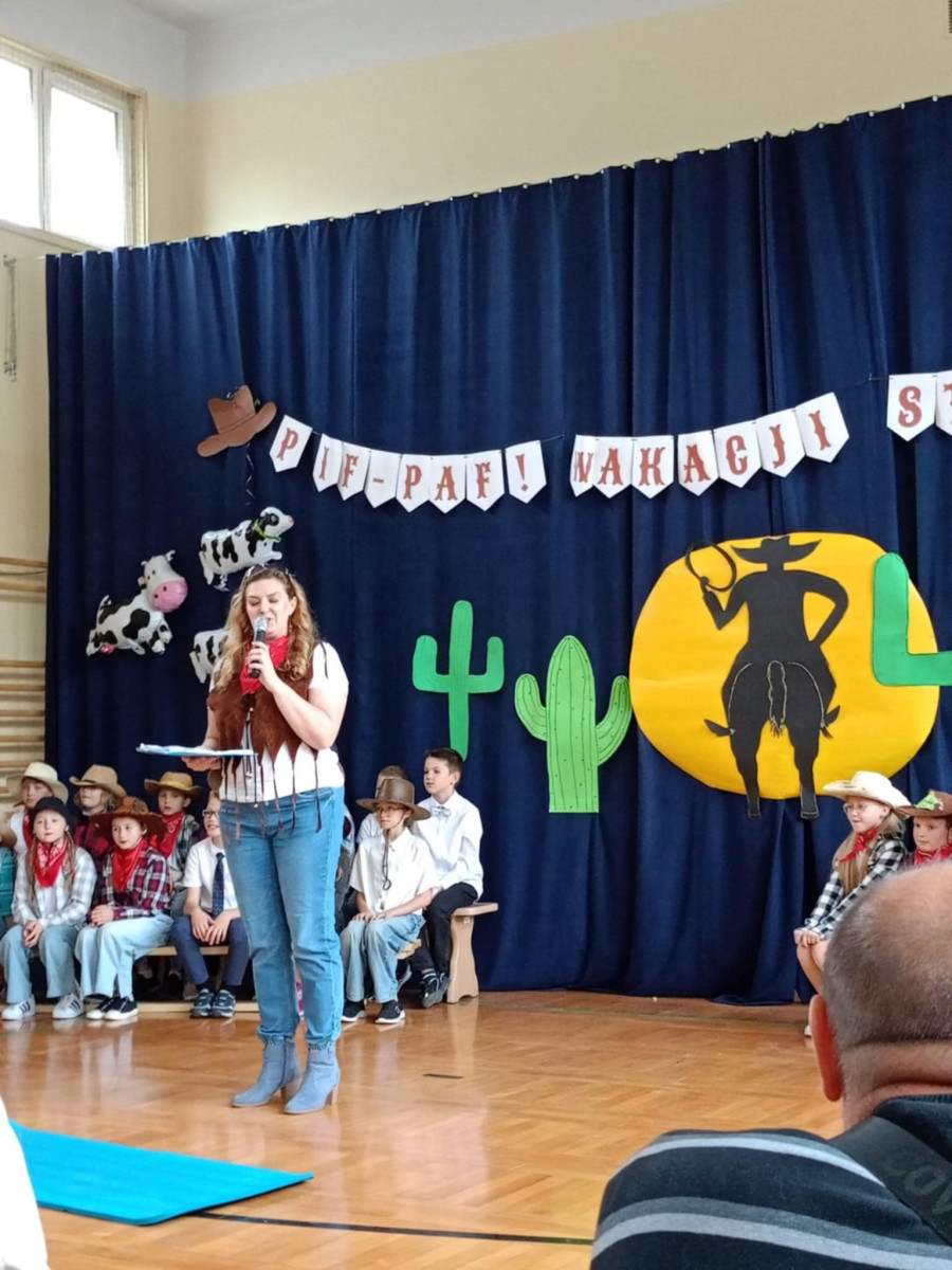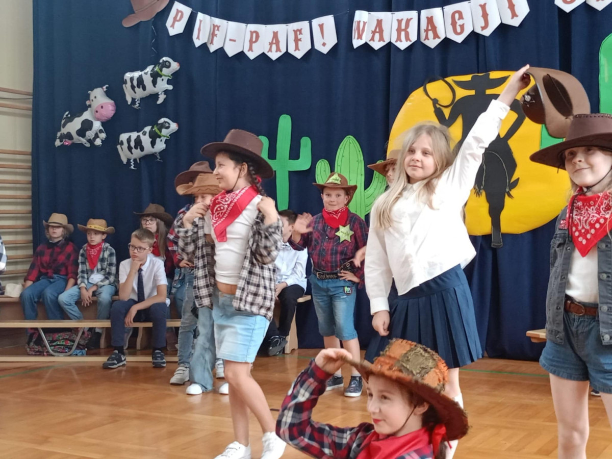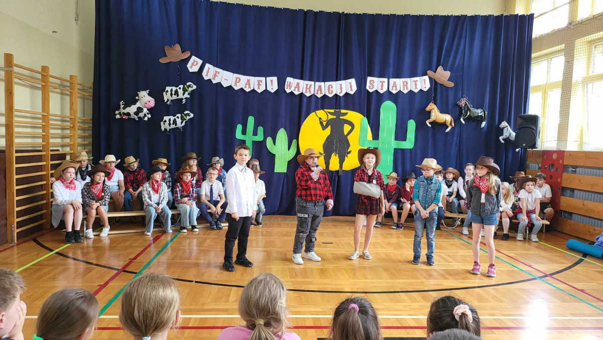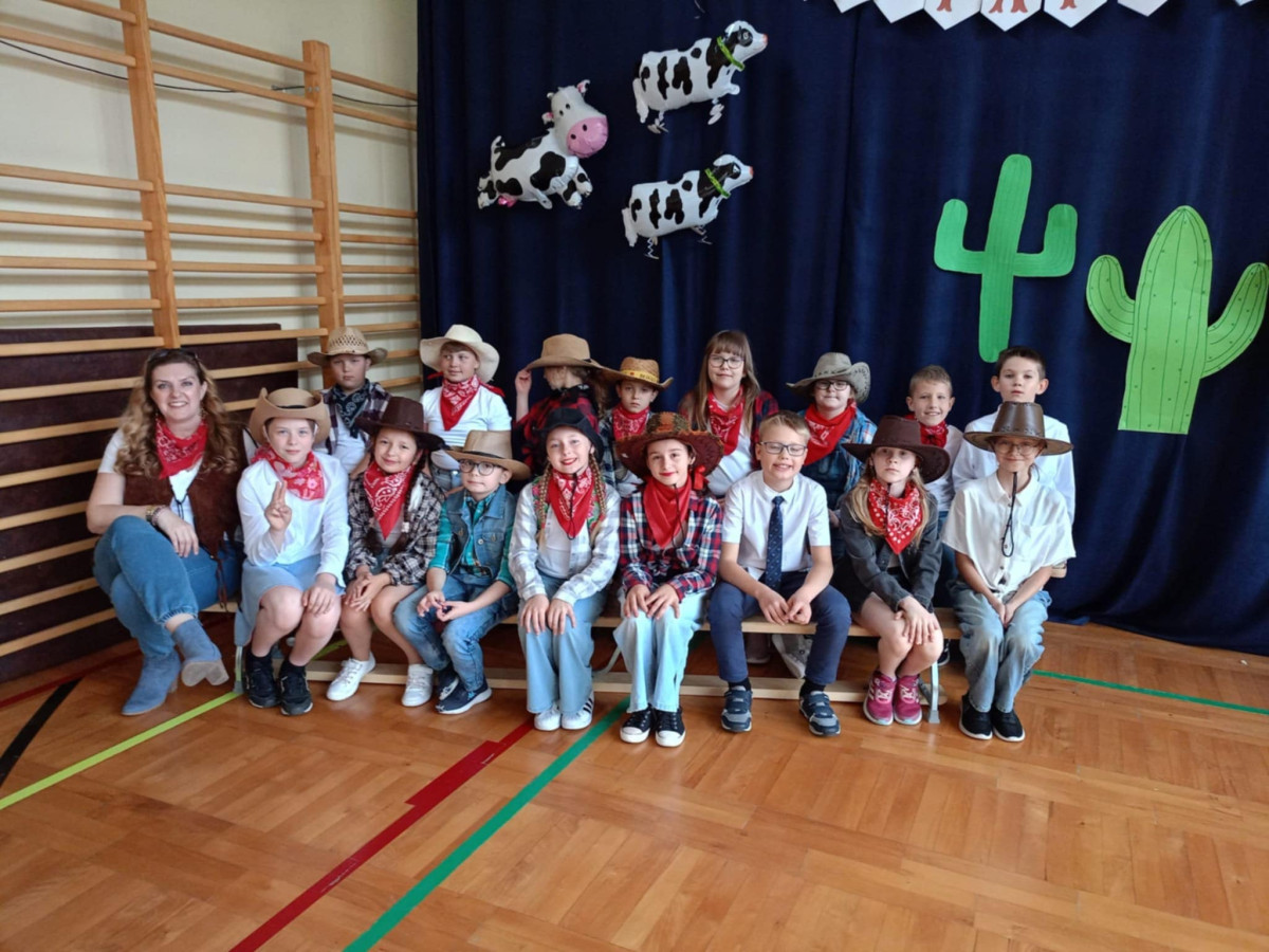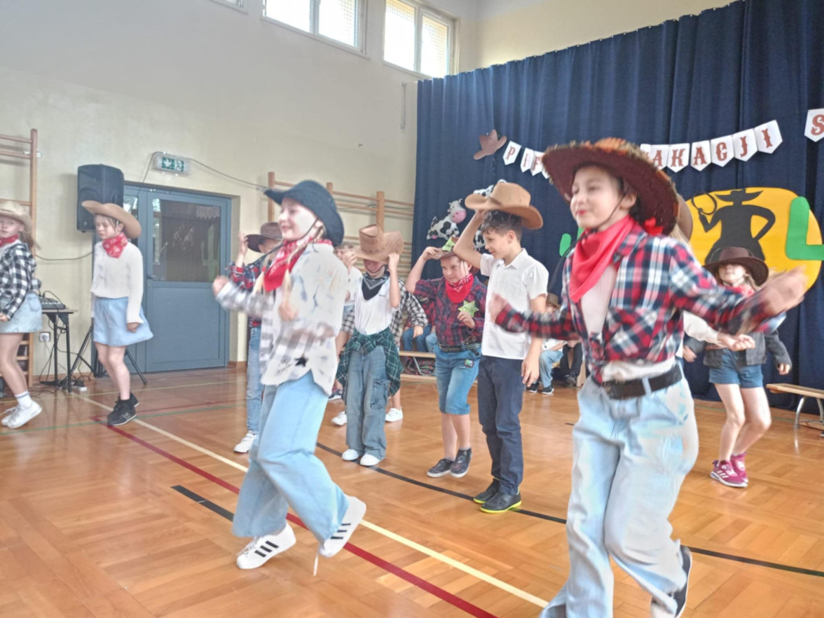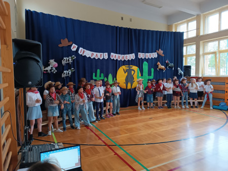 Dnia 13 czerwca, uczniowie klas 3b i 3c w niezwykle radosny i kreatywny sposób zakończyli rok szkolny, organizując wyjątkowe kowbojskie pożegnanie! Na scenie nie zabrakło piosenek w języku polskim i angielskim, które uczniowie wykonali z ogromnym zaangażowaniem i uśmiechem. Publiczność usłyszała również wiersze recytowane w obu językach – były wzruszenia, śmiech i zasłużone brawa.
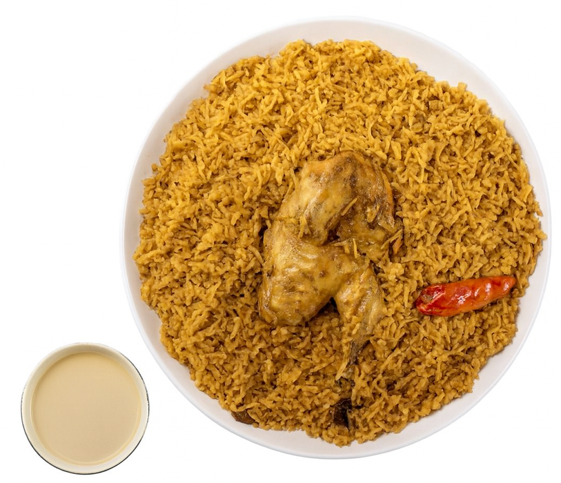 دجاج مضغوط مطبوخ بتتبيلة عربية أصيلة، يُطهى على البخار مع البهارات والليمون الأسود ليحافظ على طراوته ويمنحكم طعم غني مليء بالنكهات الشرقية مع الأرز البسمتي طويل الحبة، والبهارات العربية الغنية، ليمنحكم تجربة طعام فريدة بطعم لا يُنسى.
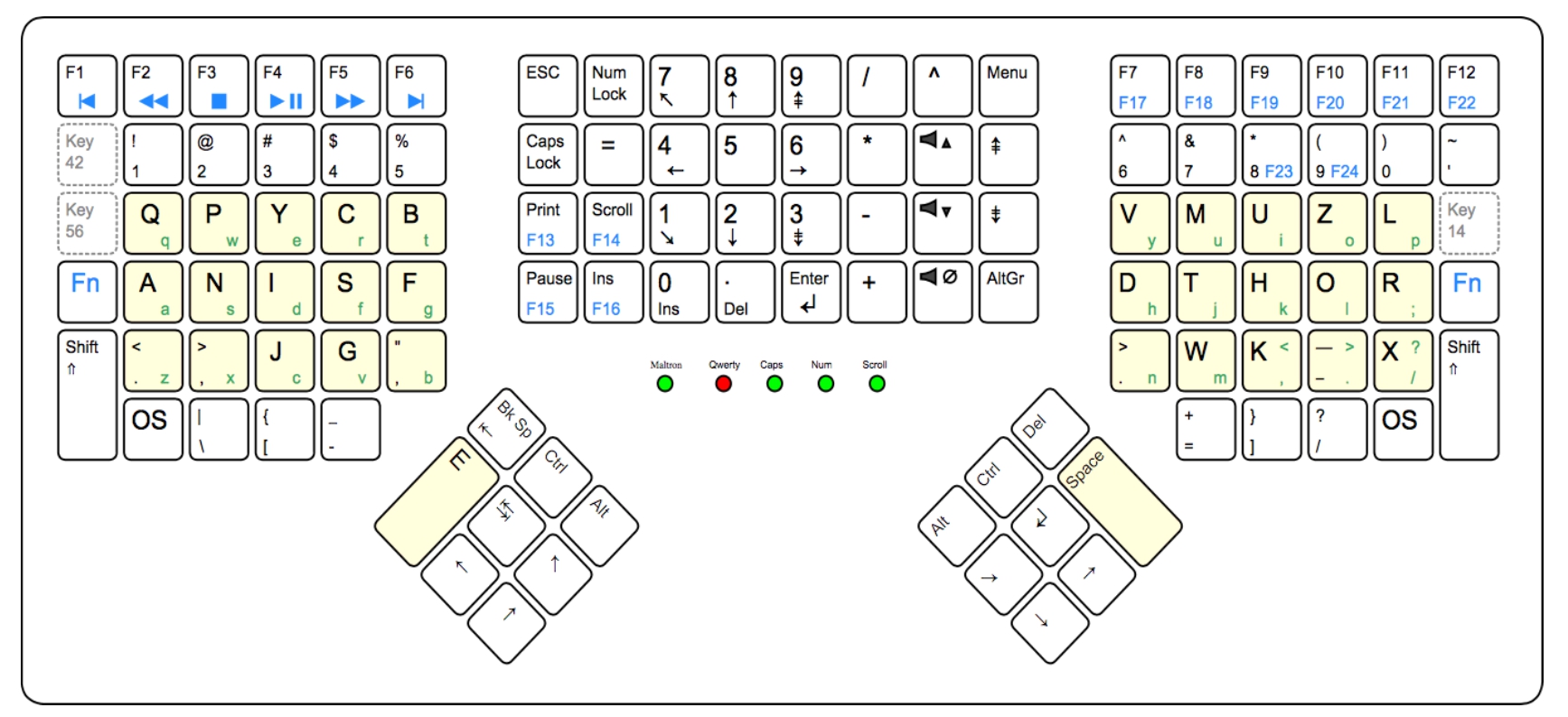 比Dvorak键盘更加合理、高效的是理连·莫尔特(Lillian Malt)发明的MALT键盘(图1-9)。它改变了原本交错排列的字母按键,为拇指分配了更多按键,也使“后退键”(Backspace)及其他原本远离键盘中心的键更容易触到。但MALT键盘需要专用的附件才能安装到计算机上,所以也没有得到广泛应用。
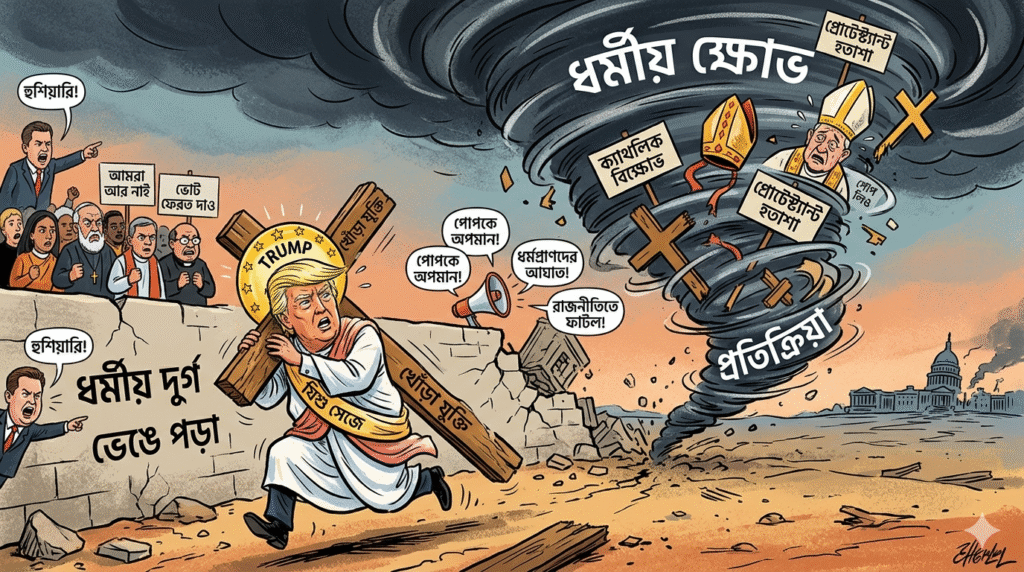 সিবিএস চ্যানেলের সিক্সটি মিনিটস অনুষ্ঠানে পোপের বিরুদ্ধে করা ট্রাম্পের কড়া মন্তব্য এখন তার জন্য বুমেরাং হয়ে দাঁড়িয়েছে। ধর্মীয় রক্ষণশীলদের কাছে যে ট্রাম্প ছিলেন ত্রাতা, সেই ট্রাম্পের প্রতি এখন আর কোনো অন্ধ সমর্থন দেখা যাচ্ছে না। প্রভাবশালী রেডিও ব্যক্তিত্ব এরিক এরিকসন সোজাসুজি হুঁশিয়ারি দিয়ে বলেছেন, ধর্মপ্রাণ ভোটাররা যা ভেবে ট্রাম্পকে ভোট দিয়েছিলেন, তারা আসলে তা পাননি। ট্রাম্পের অভিবাসন প্রতিশ্রুতি পূরণ না হওয়া, জিনিসপত্রের লাগামহীন দাম আর ইরানের সাথে যুদ্ধের উত্তেজনা নিয়ে সমর্থকরা আগে থেকেই বিরক্ত ছিলেন। এর ওপর পোপকে আক্রমণ আর যিশু সেজে নিজেকে দেবতুল্য প্রমাণের চেষ্টা যেন কফিনে শেষ পেরেক ঠুকে দিয়েছে।
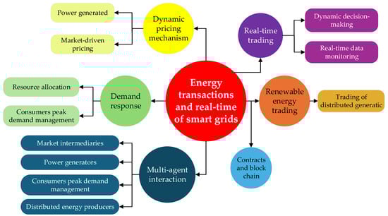 One key characteristic of smart grids is the distributed nature of energy resources. With the increasing adoption of distributed energy systems, traditional centralized dispatch methods are becoming less effective. Instead, smart grids employ distributed algorithms to manage and schedule resources more efficiently [,]. These algorithms allow the integration of diverse agents, including power producers (e.g., power plants and distributed energy systems), electricity consumers (e.g., residential, commercial, and industrial entities), network operators, and market intermediaries. This distributed architecture provides greater flexibility, enabling the system to adapt to dynamic changes in both energy production and consumption.
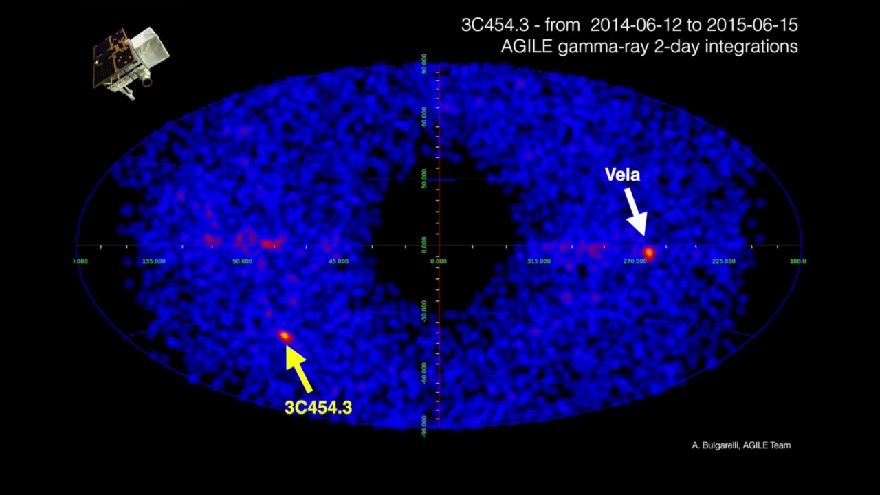 “Un po’ tutto il mondo lo sta guardando e ovviamente anche il satellite AGILE, ora pienamente operativo nella sua modalità spinning, che copre nel suo monitoraggio circa l’80% del cielo ogni giorno” dice Marco Tavani, dell’INAF-IAPS di Roma, responsabile scientifico di AGILE. “Sicuramente ci saranno delle sorprese. L’interpretazione teorica dell’attività registrata nel 2010 si sta rivelando estremamente interessante, dimostrando che la materia espulsa dal buco nero sotto forma di ‘grumi’ o ‘plasmoidi’ sia molto più longeva ed energetica di quanto supposto in precedenza nel suo viaggio lungo il getto. C’è ora molta attesa per quest’ultimo episodio: ricalcherà i livelli massimi raggiunti nel 2010 oppure si attesterà a valori inferiori? L’emissione sarà simile a quella considerata dai modelli teorici oppure sarà diversa ?”
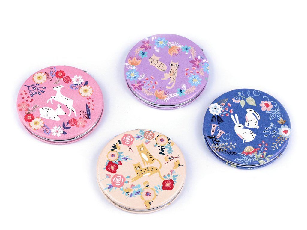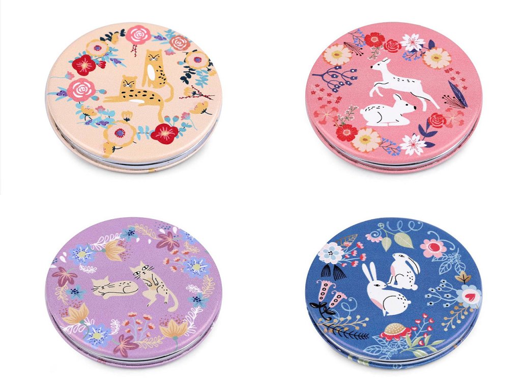Má kvalitní zpracování z eko kůže s dekorem zvířátek. Potisk je na horní i dolní straně. Uvnitř jsou 2 zrcátka, jedno je zvětšovací.
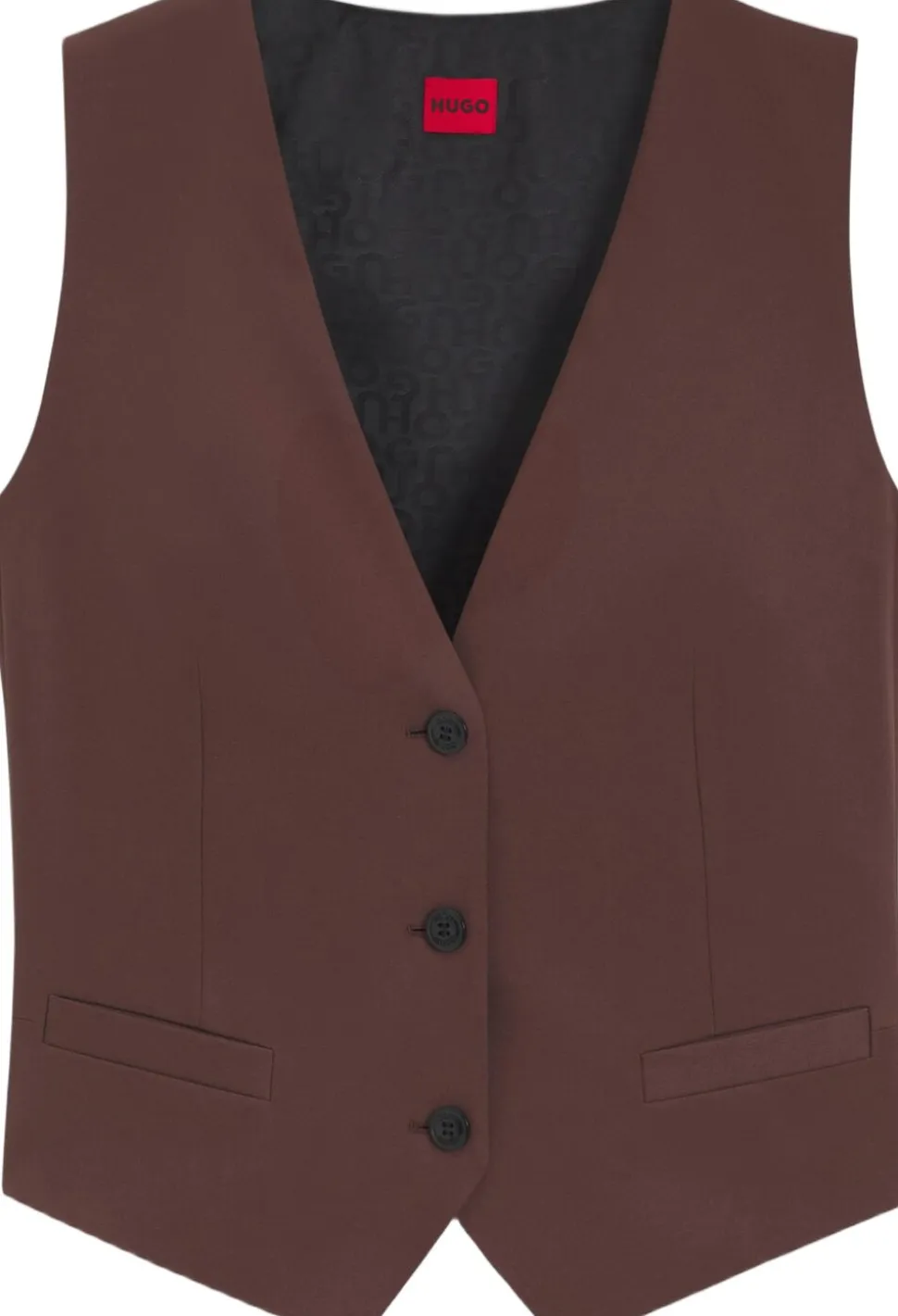 Denne HUGO dametøj-vest skaber et moderne ensemble med de matchende bukser og er en uundværlig beklædningsinspireret jakke til mænd. Lige pasform. Strækstof. Spændende detaljer.
•••••
## TASK BRIEF
When you write out the data, keep every line exact and drop the pictures.

## ANSWER FOR THIS EXERCISE
 Dnia 13 czerwca, uczniowie klas 3b i 3c w niezwykle radosny i kreatywny sposób zakończyli rok szkolny, organizując wyjątkowe kowbojskie pożegnanie! Na scenie nie zabrakło piosenek w języku polskim i angielskim, które uczniowie wykonali z ogromnym zaangażowaniem i uśmiechem. Publiczność usłyszała również wiersze recytowane w obu językach – były wzruszenia, śmiech i zasłużone brawa.
 دجاج مضغوط مطبوخ بتتبيلة عربية أصيلة، يُطهى على البخار مع البهارات والليمون الأسود ليحافظ على طراوته ويمنحكم طعم غني مليء بالنكهات الشرقية مع الأرز البسمتي طويل الحبة، والبهارات العربية الغنية، ليمنحكم تجربة طعام فريدة بطعم لا يُنسى.
 比Dvorak键盘更加合理、高效的是理连·莫尔特(Lillian Malt)发明的MALT键盘(图1-9)。它改变了原本交错排列的字母按键,为拇指分配了更多按键,也使“后退键”(Backspace)及其他原本远离键盘中心的键更容易触到。但MALT键盘需要专用的附件才能安装到计算机上,所以也没有得到广泛应用。
 সিবিএস চ্যানেলের সিক্সটি মিনিটস অনুষ্ঠানে পোপের বিরুদ্ধে করা ট্রাম্পের কড়া মন্তব্য এখন তার জন্য বুমেরাং হয়ে দাঁড়িয়েছে। ধর্মীয় রক্ষণশীলদের কাছে যে ট্রাম্প ছিলেন ত্রাতা, সেই ট্রাম্পের প্রতি এখন আর কোনো অন্ধ সমর্থন দেখা যাচ্ছে না। প্রভাবশালী রেডিও ব্যক্তিত্ব এরিক এরিকসন সোজাসুজি হুঁশিয়ারি দিয়ে বলেছেন, ধর্মপ্রাণ ভোটাররা যা ভেবে ট্রাম্পকে ভোট দিয়েছিলেন, তারা আসলে তা পাননি। ট্রাম্পের অভিবাসন প্রতিশ্রুতি পূরণ না হওয়া, জিনিসপত্রের লাগামহীন দাম আর ইরানের সাথে যুদ্ধের উত্তেজনা নিয়ে সমর্থকরা আগে থেকেই বিরক্ত ছিলেন। এর ওপর পোপকে আক্রমণ আর যিশু সেজে নিজেকে দেবতুল্য প্রমাণের চেষ্টা যেন কফিনে শেষ পেরেক ঠুকে দিয়েছে।
 One key characteristic of smart grids is the distributed nature of energy resources. With the increasing adoption of distributed energy systems, traditional centralized dispatch methods are becoming less effective. Instead, smart grids employ distributed algorithms to manage and schedule resources more efficiently [,]. These algorithms allow the integration of diverse agents, including power producers (e.g., power plants and distributed energy systems), electricity consumers (e.g., residential, commercial, and industrial entities), network operators, and market intermediaries. This distributed architecture provides greater flexibility, enabling the system to adapt to dynamic changes in both energy production and consumption.
 “Un po’ tutto il mondo lo sta guardando e ovviamente anche il satellite AGILE, ora pienamente operativo nella sua modalità spinning, che copre nel suo monitoraggio circa l’80% del cielo ogni giorno” dice Marco Tavani, dell’INAF-IAPS di Roma, responsabile scientifico di AGILE. “Sicuramente ci saranno delle sorprese. L’interpretazione teorica dell’attività registrata nel 2010 si sta rivelando estremamente interessante, dimostrando che la materia espulsa dal buco nero sotto forma di ‘grumi’ o ‘plasmoidi’ sia molto più longeva ed energetica di quanto supposto in precedenza nel suo viaggio lungo il getto. C’è ora molta attesa per quest’ultimo episodio: ricalcherà i livelli massimi raggiunti nel 2010 oppure si attesterà a valori inferiori? L’emissione sarà simile a quella considerata dai modelli teorici oppure sarà diversa ?”
Má kvalitní zpracování z eko kůže s dekorem zvířátek. Potisk je na horní i dolní straně. Uvnitř jsou 2 zrcátka, jedno je zvětšovací.
 Denne HUGO dametøj-vest skaber et moderne ensemble med de matchende bukser og er en uundværlig beklædningsinspireret jakke til mænd. Lige pasform. Strækstof. Spændende detaljer.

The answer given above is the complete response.